Da Calgary la squadra giamaicana divenne un fenomeno nel suo genere e ottenne risultati sempre migliori. Nel 1994 riuscì ad arrivare quattordicesima alle Olimpiadi di Lillehammer. Da lì il movimento si strutturò in una vera federazione, fu protagonista di spot commerciali, anche in Italia, e partecipò a quattro edizioni consecutive dei Giochi, spesso servendosi di raccolte fondi aiutate dalla popolarità del movimento. Dopo la mancata qualificazione del 2006, la Giamaica si ripresentò nel 2010 a Vancouver, ma nello ski cross con Errol Kerr, sciatore nato a New York da padre giamaicano e madre statunitense. La squadra di bob ritornò nel 2014 a Sochi.
Quattro anni fa, nelle gare di bob a Pyeongchang, esordì una coppia femminile formata dalle ex velociste Jazmine Fenlator e Carrie Russell, la cui storia dimostrò come l’esperimento iniziato negli anni Ottanta fosse diventato qualcosa di definitivo e influente anche nelle nuove generazioni. Russell, per esempio, era ritenuta una delle velociste più promettenti della sua generazione, ma fu fermata da frequenti problemi fisici e ripiegò sul bob, dove potè continuare la sua carriera sportiva.

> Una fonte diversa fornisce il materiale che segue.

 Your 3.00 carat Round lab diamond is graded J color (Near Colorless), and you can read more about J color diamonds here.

Prima dell’ultima edizione dei Giochi, il presidente della federazione di bob e skeleton giamaicano, quel Christian Stokes chiamato alle Olimpiadi di Calgary all’ultimo minuto, disse: «Non mi concentro sulla prestazione del bob giamaicano, ma sull’idea del bob giamaicano. Una visione, un sogno in mezzo a circostanze molto avverse. Ma la forza di quel sogno è così potente da mettere tutte le cose al loro posto».

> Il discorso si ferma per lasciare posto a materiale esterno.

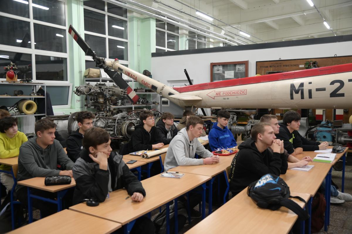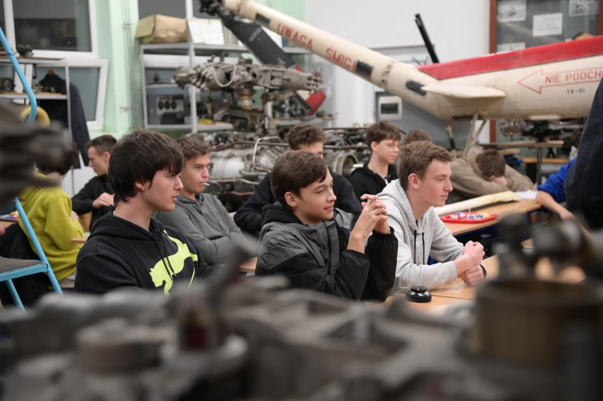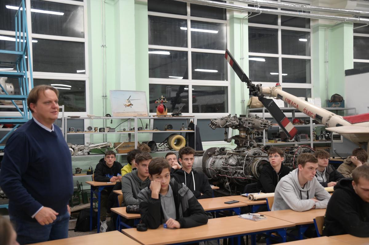 – Podstawa programowa zapewnia im naukę języka angielskiego i są świadomi wagi jego opanowania dla swojej zawodowej przyszłości. Grupa, z którą się dzisiaj Państwo spotykacie kształci się na profilu mechanik lotniczy. Niektórzy z nich kontynuują naukę w kierunku mechanicznym, konstruktorskim czy też pilotażu, niejednokrotnie dużych samolotów pasażerskich. Myślę, że to co Panowie mówicie jest dla nich pożywką utwierdzającą w przekonaniu o dokonaniu właściwego wyboru.

Ventiquattro anni dopo l’ultima partecipazione, l’iconica squadra maschile del bob a quattro ritornerà a gareggiare ai Giochi di Pechino, nel corso dei quali un altro giamaicano, il trentottenne Benjamin Alexander, aggiungerà un altro pezzo a questa storia. Da ex analista finanziario e apprezzato dj con una lunga lista di esibizioni in ogni parte del mondo, Alexander ha iniziato a sciare soltanto sei anni fa, con l’intenzione di qualificarsi alle Olimpiadi dopo aver conosciuto la storia della squadra di bob del 1988. Negli ultimi anni ha imparato l’indispensabile tra Austria, Svizzera e Canada, è riuscito a rientrare tra i qualificati e gareggerà nello slalom gigante, anche se per uno dei preparatori che lo hanno seguito, lo sciatore americano Gordon Gray, la sua tecnica è ancora terribile.